My 5th great grandfather, Jesse Rector, served as a foot soldier in the Revolutionary War. Jesse and his older brother James both participated in the siege of Yorktown, culminating in Lord Cornwallis' surrender to George Washington on 19 Oct 1781. According to the Yorktown national Historical Park literature, "The American victory at Yorktown, the last major battle of the American Revolution, secured independence for the United States and significantly changed the course of world history
One of his son’s, Isaac Rector, applied for membership in the Sons of the American Revolution based on Jesse’s service. He wrote as follows:
“My knowledge of my father’s service as a soldier in the Revolution is derived from what I have heard him say on the subject. I have often heard him speak of being a soldier in the Revolutionary War. He belonged to a Virginia regiment of militia organized early in 1781 and disbanded soon after the surrender of Cornwallis. He served with his regiment at the siege of Yorktown and was present at the surrender.

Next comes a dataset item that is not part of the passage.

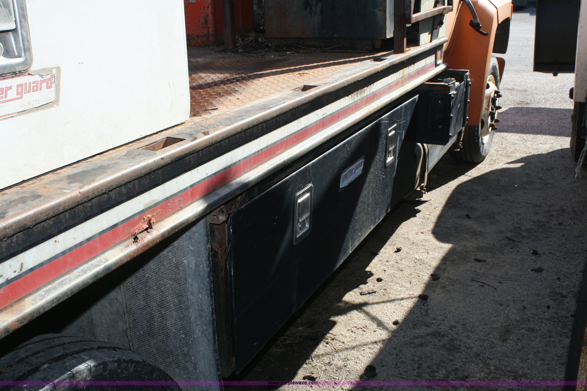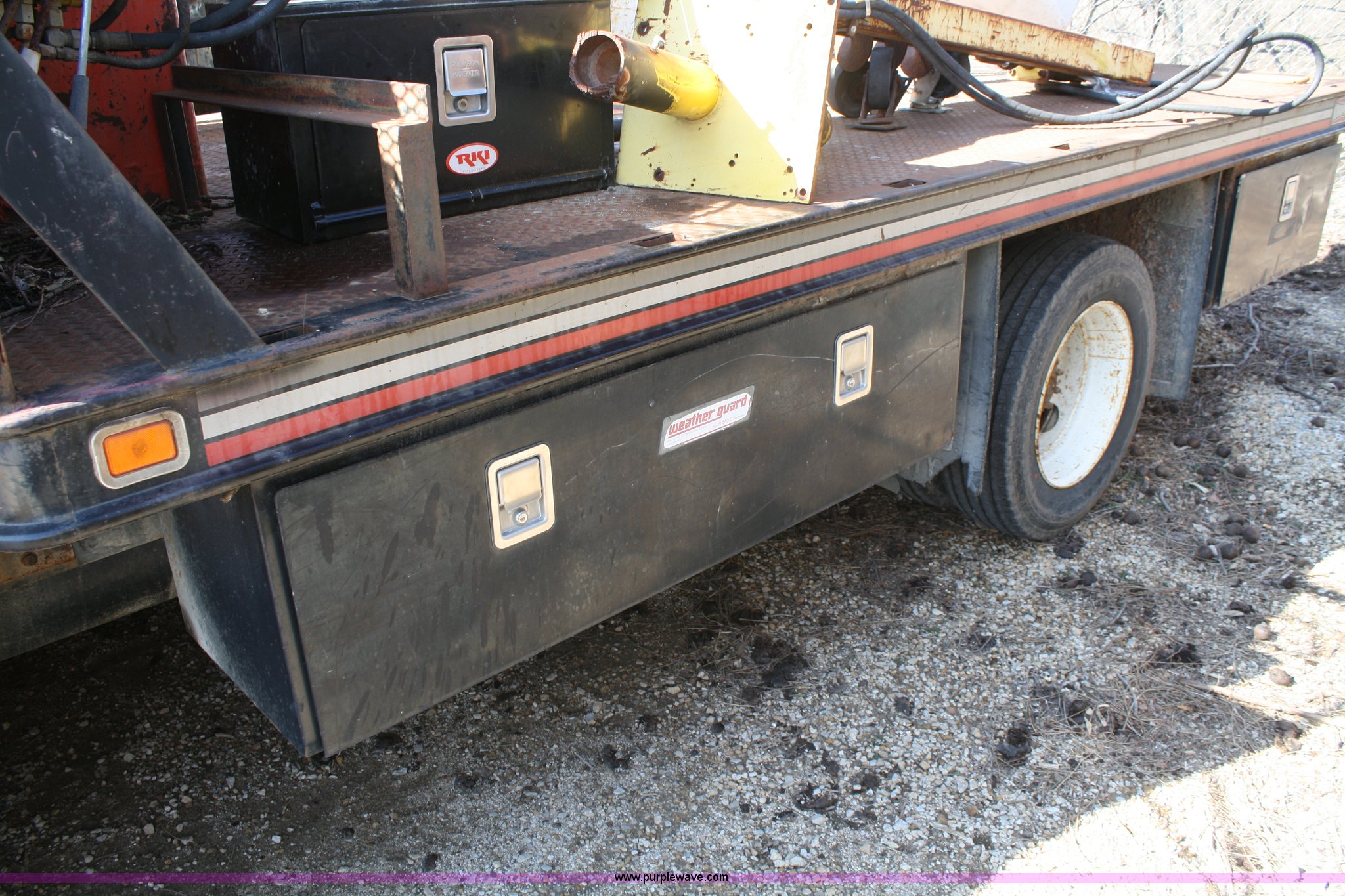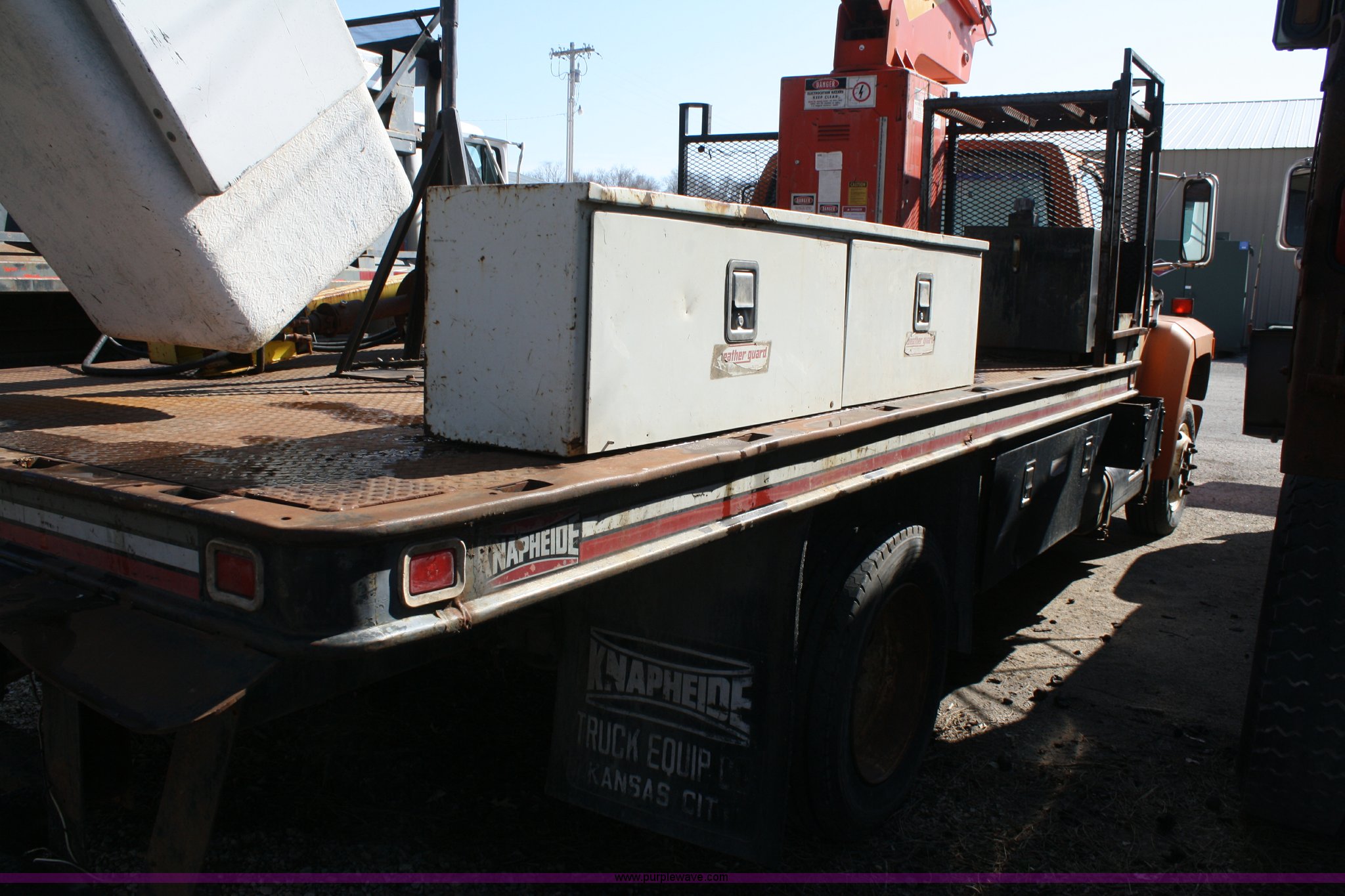 Purple Wave is selling a used Bucket Truck in Kansas. This item is a 1993 Ford F600 boom truck with the following: 77,279 miles on odometer, Not actual mileage, 8,673 hours on meter, Ford 6.6L six cylinder diesel engine, 165 HP, Automatic transmission, AM/FM, Knapheide 14' bed, Arm Lift bucket boom, Model AE-TEL-33 PTO, 28' platform height, 10" digger attachment, 50 gallon fuel tank, (4) under bed toolboxes, 245/70R19.5 tires, GVWR 21,000 lbs

I have heard him say when his regiment reached Yorktown our lines were six hundred yards from those of the British, and that before the surrender they were moved up to within three hundred yards. He said that at the latter distance our troops could hear the crashing of the walls of the houses within the town as they were knocked down by our artillery. He said as the British General Cornwallis marched up through Virginia, he gathered up all the good horses he could find. After the surrender our troops found he had many of the horses killed or driven into the river and drowned to prevent them falling into our hands; that the tide washed many of them ashore and that the air was foul with the odor of their decaying carcasses.
He said he saw the British troops march out and stack their arms and spoke of the angry manner in which some of the soldiers put down their guns. He also spoke of the fine music he heard by the bands on the French fleet after the surrender."